**YOUR TASK**
Go through the records below and count every line containing "that". Reply with the count alone.

== DATA TO PROCESS ==

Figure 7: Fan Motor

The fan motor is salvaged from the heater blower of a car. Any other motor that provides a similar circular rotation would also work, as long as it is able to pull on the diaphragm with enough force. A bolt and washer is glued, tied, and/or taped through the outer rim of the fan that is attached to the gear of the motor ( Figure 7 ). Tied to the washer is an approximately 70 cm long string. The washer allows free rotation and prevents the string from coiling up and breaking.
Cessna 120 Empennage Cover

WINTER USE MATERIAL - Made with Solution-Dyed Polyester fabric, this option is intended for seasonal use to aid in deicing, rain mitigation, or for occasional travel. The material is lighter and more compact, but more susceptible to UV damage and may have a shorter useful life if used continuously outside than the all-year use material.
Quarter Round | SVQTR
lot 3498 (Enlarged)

===
== DATA TO PROCESS ==

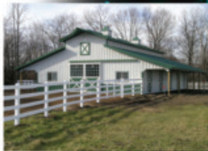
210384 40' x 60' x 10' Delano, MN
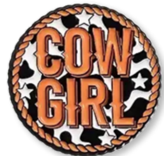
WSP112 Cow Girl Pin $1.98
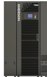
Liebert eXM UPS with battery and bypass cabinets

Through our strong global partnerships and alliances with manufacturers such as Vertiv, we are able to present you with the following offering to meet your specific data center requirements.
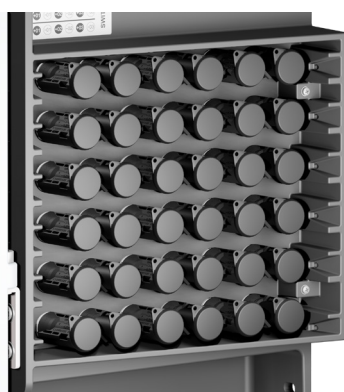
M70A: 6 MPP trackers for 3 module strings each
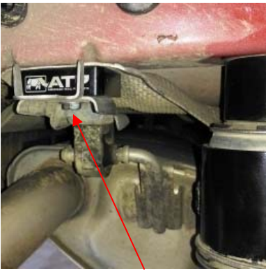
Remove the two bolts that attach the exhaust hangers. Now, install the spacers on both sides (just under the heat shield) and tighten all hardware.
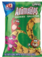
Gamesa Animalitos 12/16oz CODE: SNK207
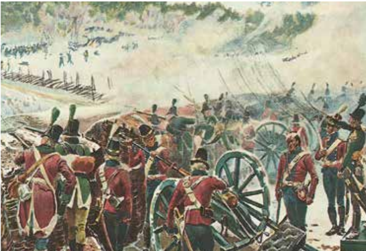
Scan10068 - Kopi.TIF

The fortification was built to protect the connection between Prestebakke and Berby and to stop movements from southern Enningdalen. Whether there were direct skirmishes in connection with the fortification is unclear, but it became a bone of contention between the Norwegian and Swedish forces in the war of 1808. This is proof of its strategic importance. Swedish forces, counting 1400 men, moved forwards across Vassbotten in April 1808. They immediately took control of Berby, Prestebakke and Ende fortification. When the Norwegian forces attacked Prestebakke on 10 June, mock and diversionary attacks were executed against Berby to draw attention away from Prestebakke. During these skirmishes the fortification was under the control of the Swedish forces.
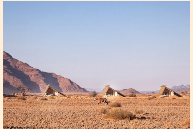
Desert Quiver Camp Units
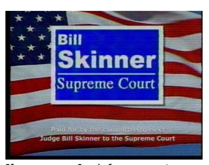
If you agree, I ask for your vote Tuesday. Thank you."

===

**ANSWER BOX**
2